> [Data extract]:
--

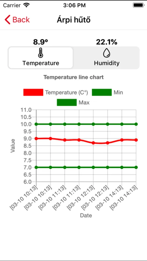 Szenzorok által mért hőmérséklet és páratartalom kijelzésére, határértéken túli mérések jelzésére szolgálló alkalmazás.
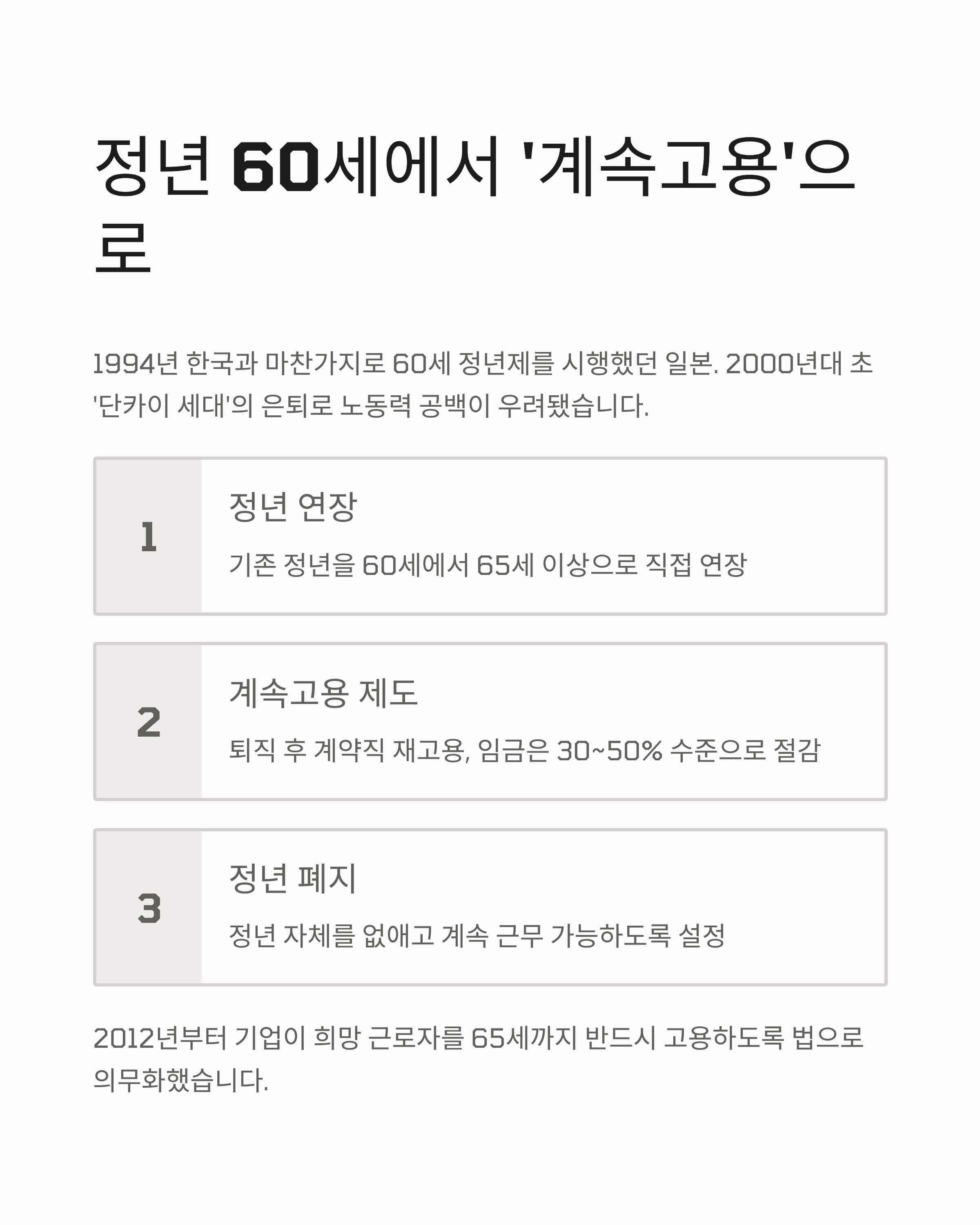 기업들은 인건비 절감을 고려해 ‘계속고용 제도’를 가장 선호했습니다. 일정 나이가 되면 퇴직시키고, 이후에는 계약직으로 재고용하는 방식인데요. 이 방식은 기업 입장에서는 유연한 인건비 운영이 가능했고, 고령자에게는 노동시장에 머무를 수 있는 기회가 제공됐습니다.
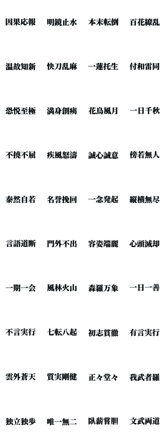 国内外で好まれている四字熟語を集めました。 #はじめてのLINEスタンプ にオススメ
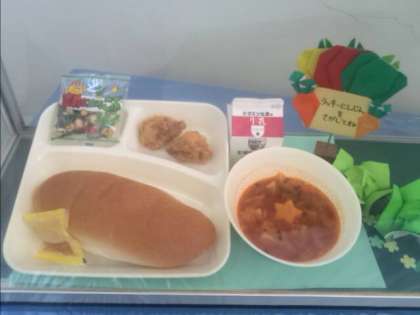 今日は豚肉にパン粉や衣をつけて一つ一つ揚げた手作りの「一口トンカツ」とトマトの風味がたっぷりの「ミネストローネ」などのパンメニューでした。このメニューは、平成28年度、大阪市とイタリア、ミラノとの姉妹都市提携35周年記念メニュー「ミラノ風カツレツ、ミネストローネなど」の献立をアレンジしたものです。星の形のラッキーにんじんが、ミネストローネに入っていました。

--

> [Action item]:
Going from the line with "国内外で好まれている四字熟語を集めました。 #はじめてのLINEスタンプ にオススメ" to the last line of the listing, write out each line exactly and nothing else. Leave out all pictures.

> [Response area]:
 国内外で好まれている四字熟語を集めました。 #はじめてのLINEスタンプ にオススメ
 今日は豚肉にパン粉や衣をつけて一つ一つ揚げた手作りの「一口トンカツ」とトマトの風味がたっぷりの「ミネストローネ」などのパンメニューでした。このメニューは、平成28年度、大阪市とイタリア、ミラノとの姉妹都市提携35周年記念メニュー「ミラノ風カツレツ、ミネストローネなど」の献立をアレンジしたものです。星の形のラッキーにんじんが、ミネストローネに入っていました。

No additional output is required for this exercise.